The Malbec and Sangiovese I bulk age almost a year . The Valpolicella I bulk age 1 year


----------



## cpfan (May 13, 2010)

Newbie:

After we moved from BC to Ontario we started (among others) a Ken Ridge Classic Merlot (10 litres) and a Legacy Valpolicella. My wife likes them both, and so do I. But if I have a glass of the Merlot then the Valpolicella I find the Val a bit weak.

When I ran an FoP, the KRC Merlot was our best seller. Why? Most of the customers really liked it at bottling, and liked it even more a month later.

Steve


----------



## Newbie (May 13, 2010)

I'd like to get the best quality possible that I can still drink in 3 mths. 

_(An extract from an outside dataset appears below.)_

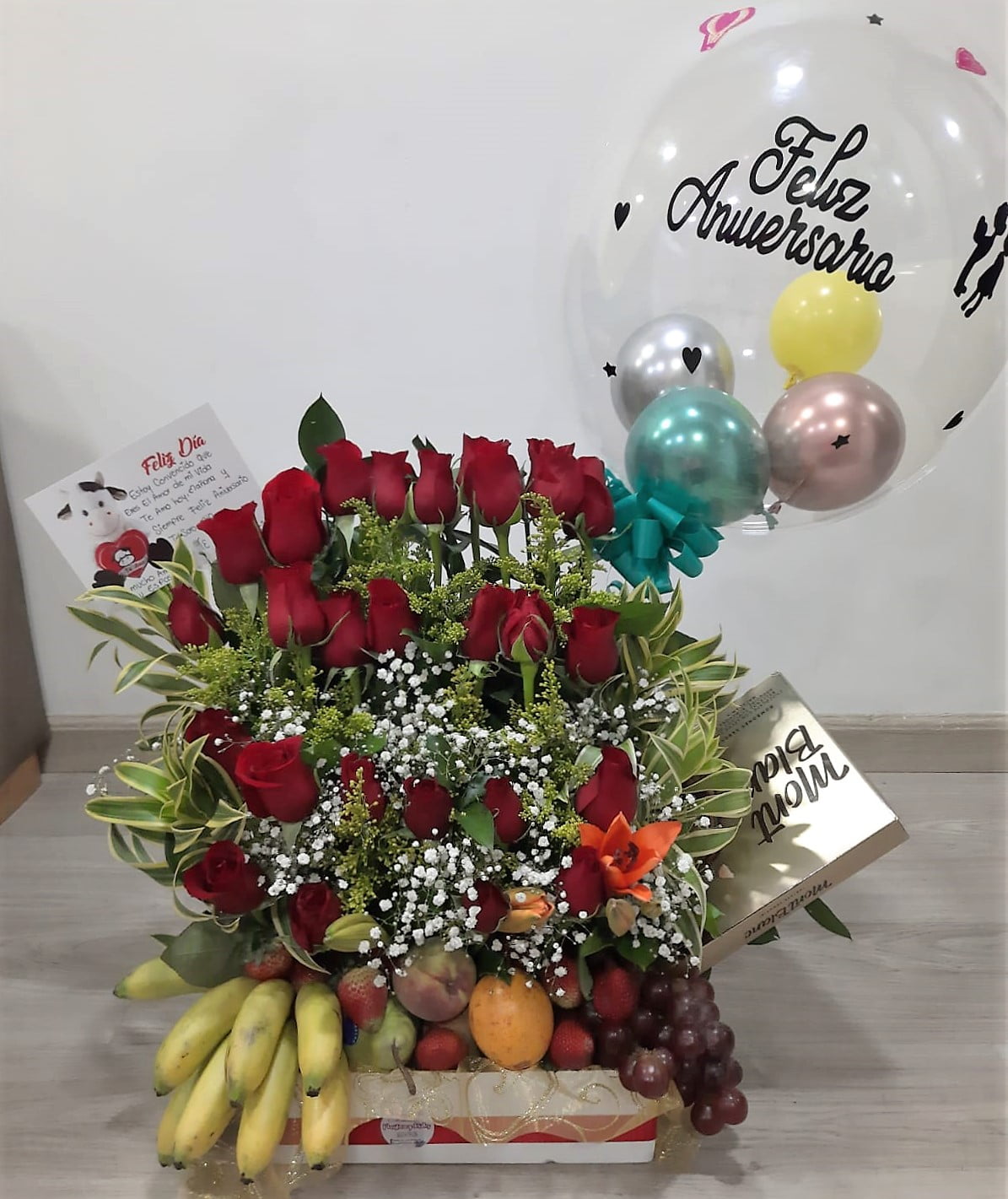 Cuidando cada detalle, encontraras una selección de frutas frescas y de temporada, 20 rosas frescas tipo exportación, en una base delicada y perfectamente decorada.

I tried a Kenridge Classic Cab last year that I was very happy with, it was drinkable after 3 months (when decanted) and it's gotten much better. I've tucked away a few bottles not to be opened for another year or two, to see how it changes over time.

The Cheeky Monkey brand sounds interesting, any comments on those?


----------



## cpfan (May 13, 2010)

Newbie said:


> I'd like to get the best quality possible that I can still drink in 3 mths.
> 
> I tried a Kenridge Classic Cab last year that I was very happy with, it was drinkable after 3 months (when decanted) and it's gotten much better. I've tucked away a few bottles not to be opened for another year or two, to see how it changes over time.
> 
> The Cheeky Monkey brand sounds interesting, any comments on those?

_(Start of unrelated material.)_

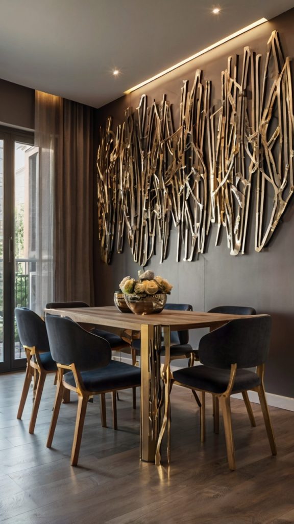Nothing says sophisticated quite like metallic wall sculptures that catch and reflect light throughout the day. They’re like jewelry for your walls, adding glamour without overwhelming the space.

Customer feedback was that the KRC Cab needed more time than the Merlot.

Cheeky Monkey was new to the market when my store closed. We did make a few though. One customer and her out-of-town daughter loved the Chardonnay. Over the winter I made a Cheeky Gewurztraminer. I added the sweetening pack, and initially it was a bit too sweet for my tastes, but either I'm getting used to it or it's getting better. Usually I make them dry, but wanted to try one off-dry.

I usually make KR Showcase of Founders Series (or equivalent) but would definitely make the Classic or Cheeky kits as well under the right conditions.

Steve


----------



## mmadmikes1 (May 13, 2010)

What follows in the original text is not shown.